In the records below, find the line with "Iglesia de San", then copy each line exactly until you have copied the line with "day, rest, enjoy". Leave any picture out.

■ AVAILABLE RECORDS ■
━━━━━━━━━━━━━━━━━━━━━━━━━━━━━━

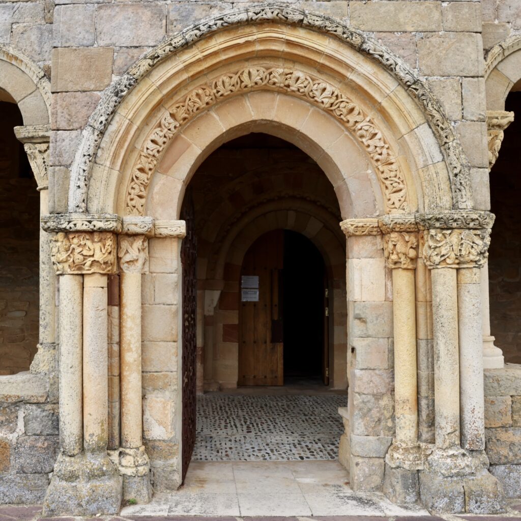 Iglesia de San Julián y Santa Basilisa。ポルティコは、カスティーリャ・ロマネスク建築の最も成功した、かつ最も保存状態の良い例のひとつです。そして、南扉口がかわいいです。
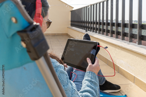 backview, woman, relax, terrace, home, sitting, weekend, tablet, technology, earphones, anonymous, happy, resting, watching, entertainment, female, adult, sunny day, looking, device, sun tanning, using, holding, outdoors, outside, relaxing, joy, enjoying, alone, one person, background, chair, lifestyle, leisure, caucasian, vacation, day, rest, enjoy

━━━━━━━━━━━━━━━━━━━━━━━━━━━━━━

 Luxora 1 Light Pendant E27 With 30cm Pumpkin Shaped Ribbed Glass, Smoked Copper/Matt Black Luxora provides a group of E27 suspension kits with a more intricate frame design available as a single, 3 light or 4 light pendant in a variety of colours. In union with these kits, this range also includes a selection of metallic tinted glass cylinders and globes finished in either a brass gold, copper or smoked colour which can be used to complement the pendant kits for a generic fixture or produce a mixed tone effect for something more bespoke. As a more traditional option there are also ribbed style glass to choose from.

━━━━━━━━━━━━━━━━━━━━━━━━━━━━━━

■ OUTPUT ■
 Iglesia de San Julián y Santa Basilisa。ポルティコは、カスティーリャ・ロマネスク建築の最も成功した、かつ最も保存状態の良い例のひとつです。そして、南扉口がかわいいです。
 backview, woman, relax, terrace, home, sitting, weekend, tablet, technology, earphones, anonymous, happy, resting, watching, entertainment, female, adult, sunny day, looking, device, sun tanning, using, holding, outdoors, outside, relaxing, joy, enjoying, alone, one person, background, chair, lifestyle, leisure, caucasian, vacation, day, rest, enjoy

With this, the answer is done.